Our trip covered several states, but for the Maine leg we drove with our friends along the coast from Portland for four hours to Mount Desert Island, home of Acadia National Park (original home of the Cajuns) and Cadillac Mountain, before returning to Portland. Whilst a firmly touristic route and destination, we had just missed the Labor Day weekend, which is a landmark in the calendar as the end of the vacation season and all the American tourists disappear. Whilst we could have opted to go off the beaten track and seen the woods – whole areas of Maine have no roads or even a name – the tourists travel along the coast because it is so beautiful and still widely unspoilt.
The landscapes were unexpectedly majestic, and colours everywhere genuinely seemed more saturated than usual, even with an overcast sky. The scenery felt very different to the English coast, which often lies within a triangle bounded by charming, bleak and wholesome. It was hard to avoid feeling that the land in Maine mirrored the locals’ emotional stereotype, with a straight-faced, muscular beauty. Not a landscape which would suffer fools, or offer any quaintness. Arriving at Pemaquid Lighthouse, we were warned to take care if we wanted to go down the embankment towards the ocean, as “Mother Nature is strong today, you can feel the waves through the rock”. The area was beautiful, yet not to be trifled with.
The rocks in question looked like pulled dough, long folds of near-black lava being bombarded by the sea, although this was peculiar to that location and they varied hugely as we travelled along the coast. Mount Cadillac was a mass of beautiful pink granite, covered with contrasting pale green and dark grey lichen, while at the bottom of that mountain in the town of Bar Harbor we found cubist rocks, cracked at 45 degree angles.

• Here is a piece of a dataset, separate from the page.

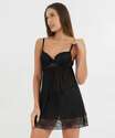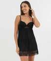 Camisola Sensual Tule Recorte Renda Marisa Preto

Portland itself was a charming town, with a strong artistic streak which felt perfectly integrated with the often industrial architecture. It is not, on the whole, a city which has been built to be beautiful, but that’s not to say that it is hard on the eye. A superb art museum, and good restaurants in the city centre made it an excellent base to spend a few days in. The International Cryptozoology Museum, complete with a “life”-sized statue of a bigfoot and cabinets full of mythical creatures, made another highlight, and reflected the city’s rejection of the mainstream – the city centre (as I saw it) had very few chain stores, instead having no shortage of boutique shops and galleries. Being at the extremity of the country perhaps makes Portland less logistically convenient for the national companies, so they’ve forged their path instead, and not worried about what the neighbours thought. Just south of the city is Portland Head Light, an exceptionally handsome lighthouse and another spot where even looking at the sea, you’re drawn to look at the quietly imposing rocks against which the lighthouse wards.

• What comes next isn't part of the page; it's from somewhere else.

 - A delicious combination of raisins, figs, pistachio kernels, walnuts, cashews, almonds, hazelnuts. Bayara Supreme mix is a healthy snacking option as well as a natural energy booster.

Separate to the landscape, our culinary expectations were surpassed throughout. During a previous trip along the Mississippi I found myself desperate for vegetables after a week, having tried to eat like a local, with a diet primarily of catfish and carbohydrates. In New England we found a strong focus on eating healthily and especially local produce. This means a lot of seafood, especially lobster which has been caught in a problematic abundance this year, causing it to be sold at under half the usual price. This has crippled the local economy as fishermen struggle to earn their money, but is undeniably good news for tourists like myself. And our expectations of pale and watery “lite” beers were smashed when we arrived and found a huge culture of drinking locally brewed Belgian-style beers and ales, which proved venomous on the first night before I realised the tasty pints were twice as strong as those I drink at home.
I expected to enjoy the break in Maine purely for the good company of an old friend who I hadn’t seen in years. But I found the atmosphere throughout resonated with me, and coming from fashionable, frenzied, fickle London it was a pleasure to be somewhere so openly honest and self-confident. The landscapes was beautiful and strong-jawed, varied and always carried out on a grand scale, and it really felt like part of the world which seemed to have its priorities in order. I can’t wait to return.